Now, there are a number of solutions to this problem. Instead of explaining them all to you, lemme provide you the simplest one: using a PHP transport file. If you already know the thing and just need the script, download from here.

Others, let’s see an example implementation first.

Example use

   1: xmlHttp.onreadystatechange=function()
   2: {
   3:     if(xmlHttp.readyState==4)
   4:     {
   5:         alert(xmlHttp.responseText);
   6:     }
   7: }
   9: xmlHttp.open("GET", 'http://myserver.com/transport.php?action=' + 
  10:                     urlencode('different-server.com/return_call.php') +
  11:                     '&method=get&data1=101&data2=pass', true );
  13: xmlHttp.send(null);

Now, lets see how it works:

  1. The script makes an AJAX call to the myserver.com/transport.php with a few parameters:
    • action = the target URL you need to fetch, from a different domain
    • method = the HTTP method (post/get)
    • data1, data2 = sample parameters for using as either query-string or POST fields
  2. When the request is received by transport.php, it uses cURL to make a call to the page mentioned in action.
  3. Based on the method, it either makes a GET request or a POST request. In both cases, it sends the extra parameters that are sent.
  4. After the response is received, transport.php echoes it. So, you have what you need!


Cross-Domain AJAX call transporter.
Downloaded: [downloadcounter(transport)] times

Comments and suggestions are most welcomed 🙂

22 thoughts on “ Cross-Domain AJAX calls using PHP ”
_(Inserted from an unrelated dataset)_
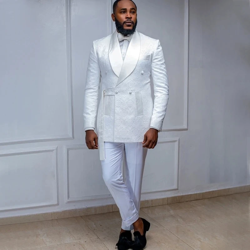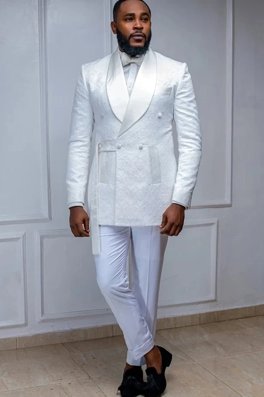 Augustine Chic White Shawl Lapel Double Breasted Men Suits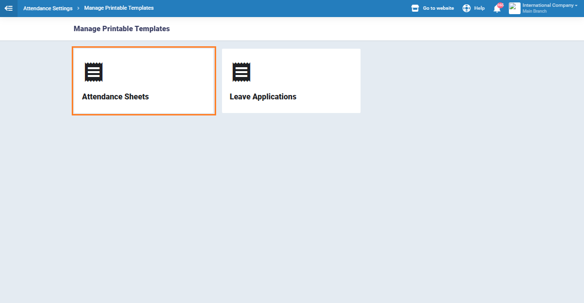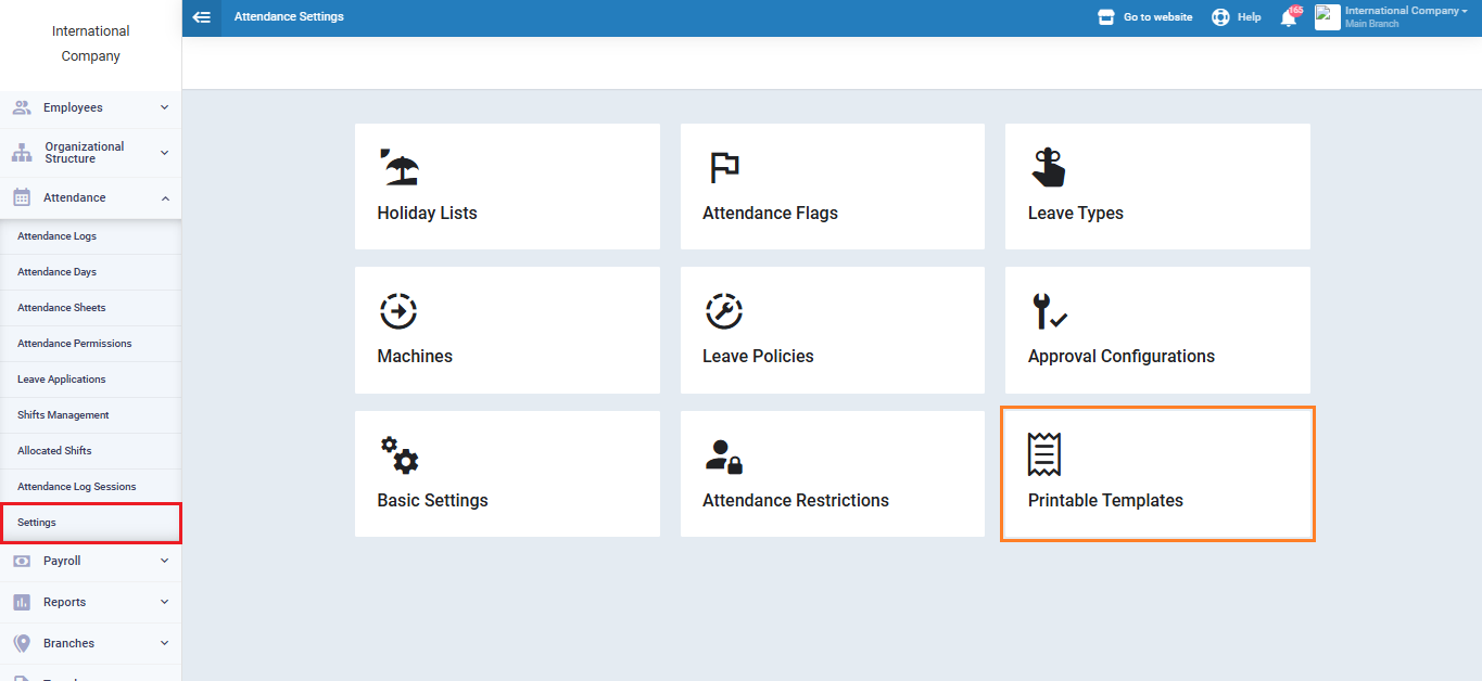 Click on “Settings” from the dropdown menu of “Attendance” on the main menu, then click on “Printable Templates“.

  1. Please please please add some caching mechanism to your script. You do not want to allow some kiddie to flood another website using your script. Even 1-minute cache is enough, but just don’t call this website everytime like this. Not only will it be slow but the other site owner might get angry at you.

  2. This is a nice tutorial with explanation. Well I want t o show if you want to use jquery (http://jquery.com/).

    If you want to get json data , then you can easily use getJSON.

    $.each(data.items, function(i,item){
    $("").attr("src", item.media.m).appendTo("#images");

    Or if you don’t want to get other type of data like XML or other type, then you have to use cURL in PHP:

    type: "GET",
    url : ”http://myserver.com/transport.php?action=’ +
    urlencode(‘different-server.com/return_call.php’) +
    success: function(serverResponse)
    /*parse serverResponse data */

  3. @Loic Hoguin: I completely agree with you that this script shouldn’t allow other person from web to misuse it for their own use.

    But I would suggest using $_SERVER[‘REMOTE_ADDR’] to block request from scripts other than the server I’m invoking it from.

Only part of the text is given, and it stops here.